Tracking Antimicrobial Resistance on Plastics in the Arctic Ocean
The natural science fieldwork extended from Svalbard into the open ocean in the East Greenland coast and the Fram Strait, the deep passage between Greenland and Svalbard that connects the Arctic Ocean with the North Atlantic. During several expeditions aboard the Polarstern research vessel, ICEBERG researchers collected samples and conducted incubation experiments to study micro- and macroplastics and the microbial communities that live on plastic surfaces in Arctic waters.
Polarstern research vessel. Photo credit: GEOMAR
Using advanced molecular and genomic methods, the team is exploring the role of plastic debris in providing novel habitats for potentially harmful microbes, including those linked with antimicrobial resistance.
“Plastics are more than just debris in the environment. They form new habitats for microbes, and understanding these communities is key to assessing the biological risks of plastic pollution in the Arctic,” explains Benjamin Pontiller from GEOMAR.
Now that the natural sciences fieldwork in Svalbard is completed, the focus moves from the Arctic to the laboratory. Samples collected across Svalbard and nearby regions are being analysed to better understand what they contain and what they tell us about pollution in the Arctic.

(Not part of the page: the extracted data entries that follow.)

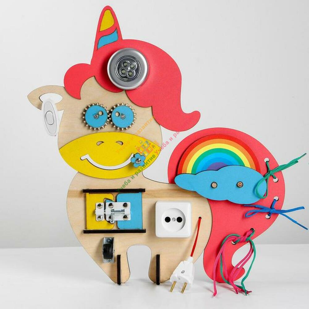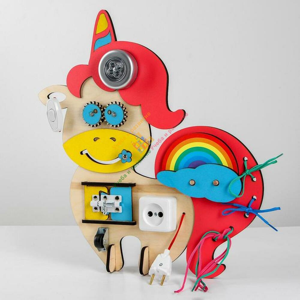 Бизиборд «Единорог» — это обучающая и занимательная игрушка, необычный подарок для любознательных малышей, который развивает воображение и творческое мышление.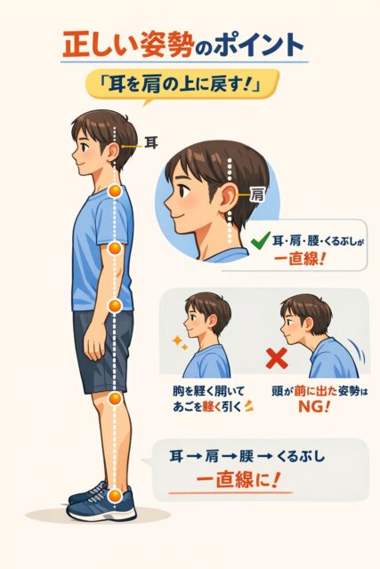 正しい姿勢では、耳・肩・股関節・くるぶしが横から見て一直線に並ぶのが理想です。特に耳の位置が重要で、耳が肩より前に出ると「頭部前方位」となり、首や肩に負担がかかります。改善のポイントは胸を軽く開き、あごを少し引いて耳を肩の上に戻す意識を持つことです。壁に背をつけて立ち、後頭部・背中・お尻が自然に壁に近づく姿勢を確認すると、正しい位置を体で覚えやすくなります。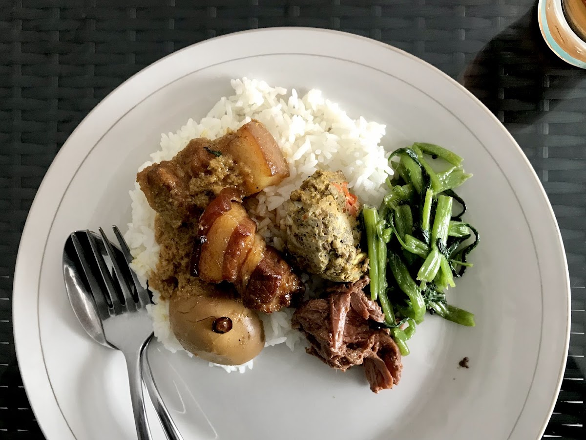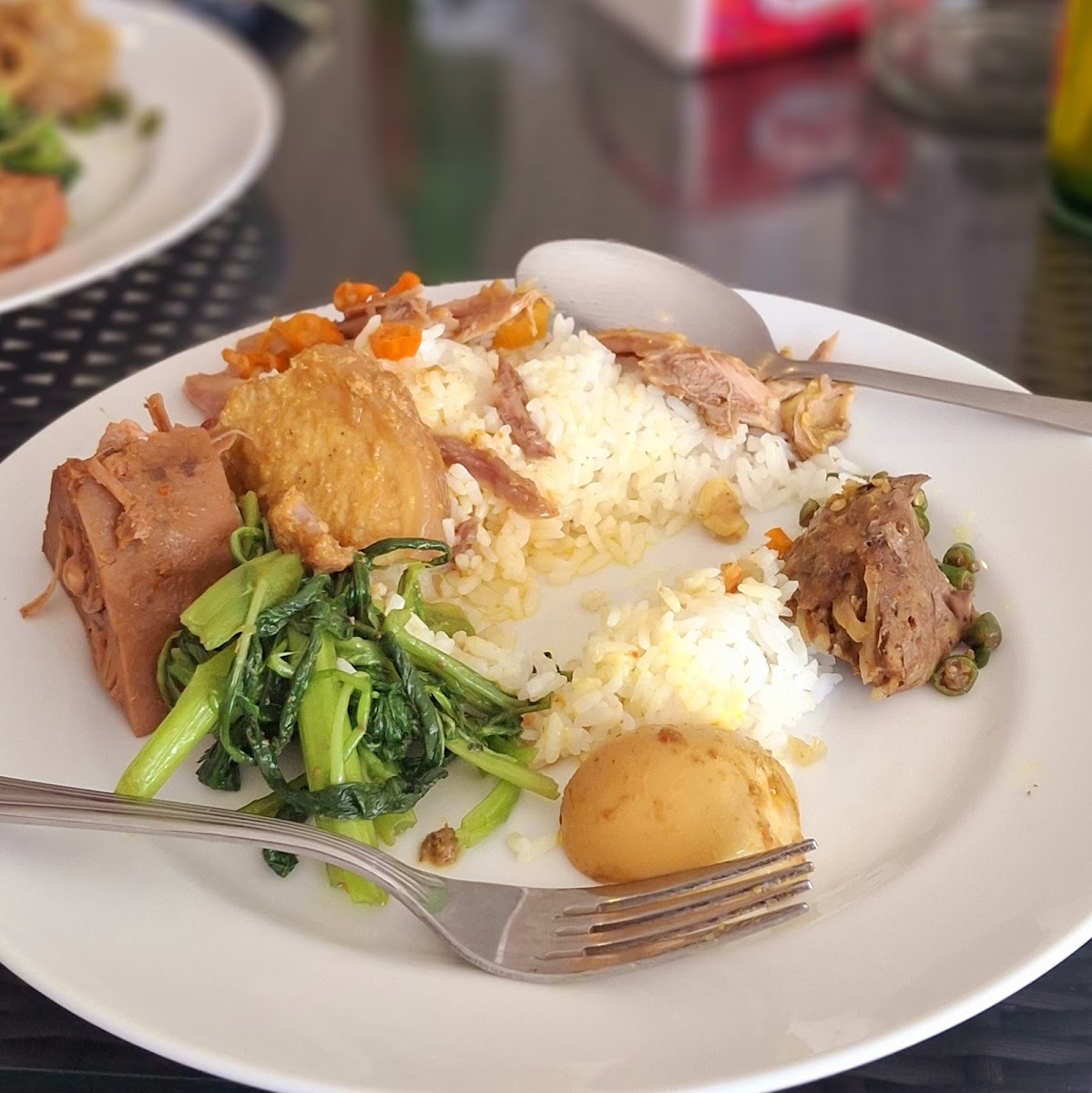 Be genyol adalah salah satu kuliner khas Bali yang menggunakan daging babi sebagai bahan utamanya. Tidak seperti babi guling, be genyol, daging babinya, teksturnya lebih kenyal dibandingkan daging babi pada kuliner babi guling. Nasinya pulen dan terdapat varian sayur kangkung tumis terasi , sayur nangka , tum babi , dan telur 1/2 porsi serta babi genyol lengkap dengan kacang goreng dan sambal. Babi genyol nya kenyal lembut tipikal yang di masak cukup matang. Terdapat dua jenis sambal yang disajikan yaitu sambal hijau & sambal kecombrang. Point 7 dari 10. Be genyol is a typical Balinese culinary dish that uses pork as the main ingredient. Unlike suckling pig, be genyol, the pork, the texture is chewier sometimes more soften than the pork in suckling pig culinary delights. This local warung have good rice which in this dish includes water spinach, coconut vegetables dish , tum babi , eggs and of course babi genyol itself. They served with 2 kind of sambal , i prefer sambal kecombrang rather than sambal ijo. Nice dish and delicious. Point 7 from 10.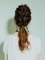 クルリンパを連続してアレンジしたローポニースタイルです。ゴムをきつく結ってしまうとほぐしにくいので気をつけましょう。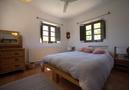 - slaapkamer met tweepersoonsbed, plafondventilators en badkamer ensuite

The Svalbard fieldwork is one piece of a larger puzzle. Results will be combined with findings from other ICEBERG field sites in Iceland and Greenland to build a broader picture of how pollution moves through Arctic environments across land, sea and atmosphere. Some sampling is still also taking place in Greenland and Iceland.
In the next phase, this knowledge will feed into scientific models, environmental risk assessments and policy-relevant outputs. The goal is simple: to turn detailed fieldwork into clear knowledge that can help protect the Arctic now, and in the future.